Strange though that growth rates remained higher then, despite the turmoil, than now. There was much wrong in the 70s but a more inquisitive look at what might have been beneficial that we’ve lost perhaps has some validity?
You might do better looking at why growth is low these days. Things to consider might include: a) the effect of Net Zero policies and high energy prices, b) the effects of higher taxation and ever increasing regulation, c) the impact of increasing reliance on low-skilled labour (hand car washes, etc) rather than investing in automation. It is almost as if this was planned for – a feature and not a bug.
Yes and no PB. Top income tax rates now lower than in 70s, thus destroying the myth the two are linked to Growth rates, otherwise why was Growth then higher? Energy prices – you forget the Oil price shock from 73. Now I would agree on too much reliance on low skilled labour today and a failure to have a national skills strategy. Apprenticeships etc much more prevalent in the 70s.
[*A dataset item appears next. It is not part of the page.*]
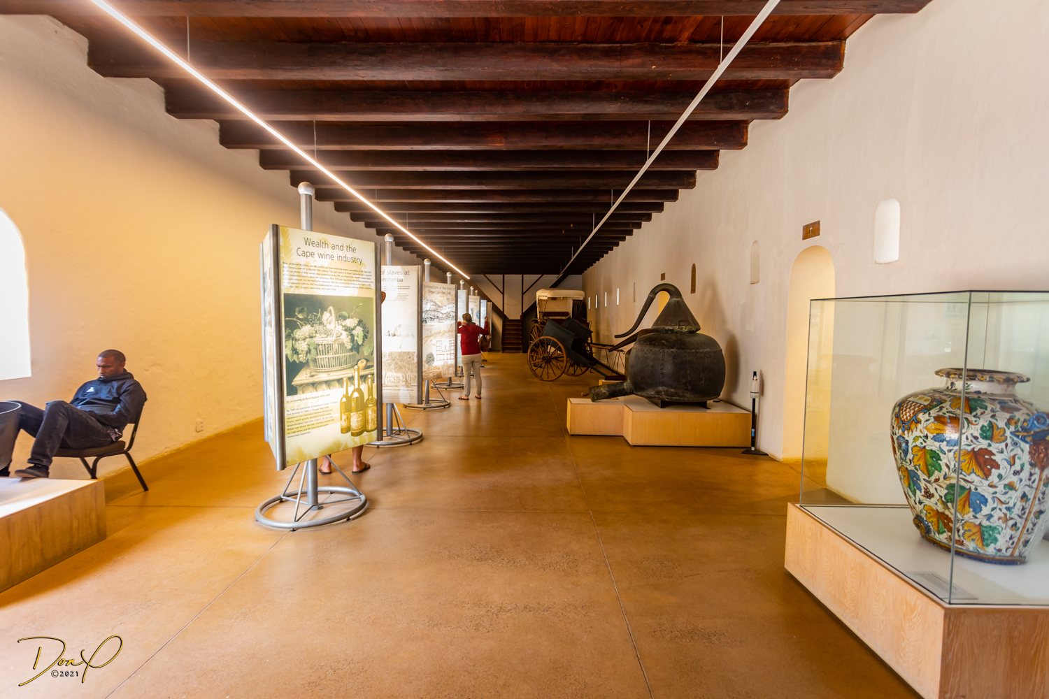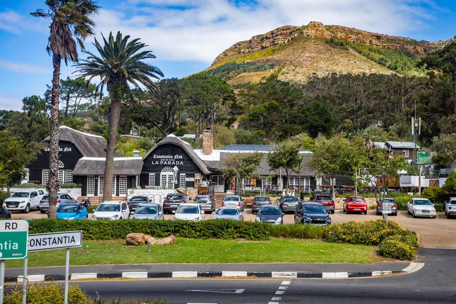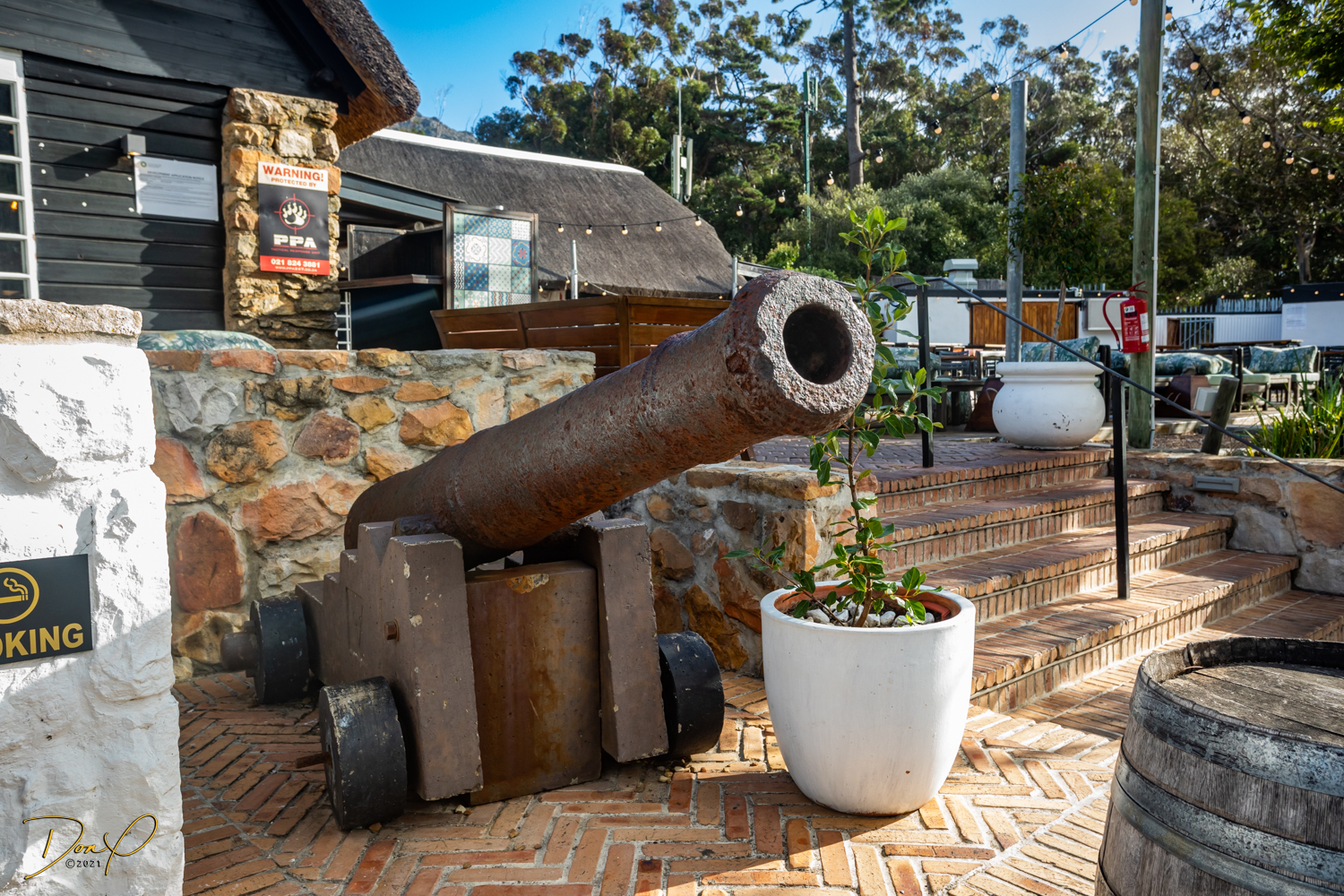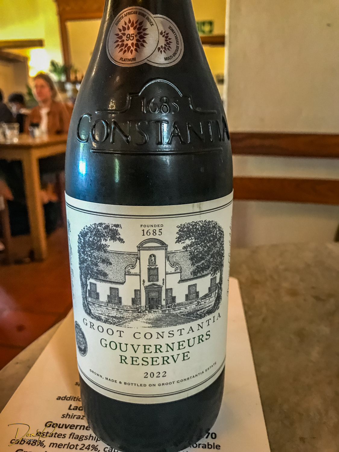 After a while, we come to a bus stop where we get off and board a different bus to take us around the ‘Wine Trail Loop’. We stop at Jonkershuit Wine Estate, also known as Groot Constantia Wine Estate. This turns out to be the Oldest Winery in the Southern Hemisphere! It is so windy, we opt to go into the first building we can and it turns out to be the restaurant. We get seated and place our orders for lunch. We share an appetizer of ‘Smoked Kudu Carpachio’, a kind of African antelope. It is excellent! Then I order Ostrich Steak and am informed they are out of it. But instead they give me Springbok Steak, another kind of antelope. It is fabulous and cooked perfectly! Elee orders ‘Beef Bobotie’, a ground beef dish with egg. It was also delicious! To compliment the meal we order the ‘Governeurs Reserve Wines, White for Elee and Red for me. Both excellent choices!

Where I’d point us is to four key other contributors – i) firstly we’ve a much older population than in the 70s and demographics may be playing a role in slowing Growth rates ii) only 2% of UK Pension funds invested here – massive drop and contributing to a general starvation of capital investment iii) the v Rich have pulled away appreciably from everyone else and doing v well just through asset accumulation rather than job and wealth creating endeavour iv) the form of Brexit we took and episodes like Mad Liz premiership made UK seem a much less attractive place to invest.
But these are the discussions needed
Given that power has transferred from Labour to the Conservatives “just” four times (if you count the Coalition) it’s hard to see why this is a point worth making at the top of the article.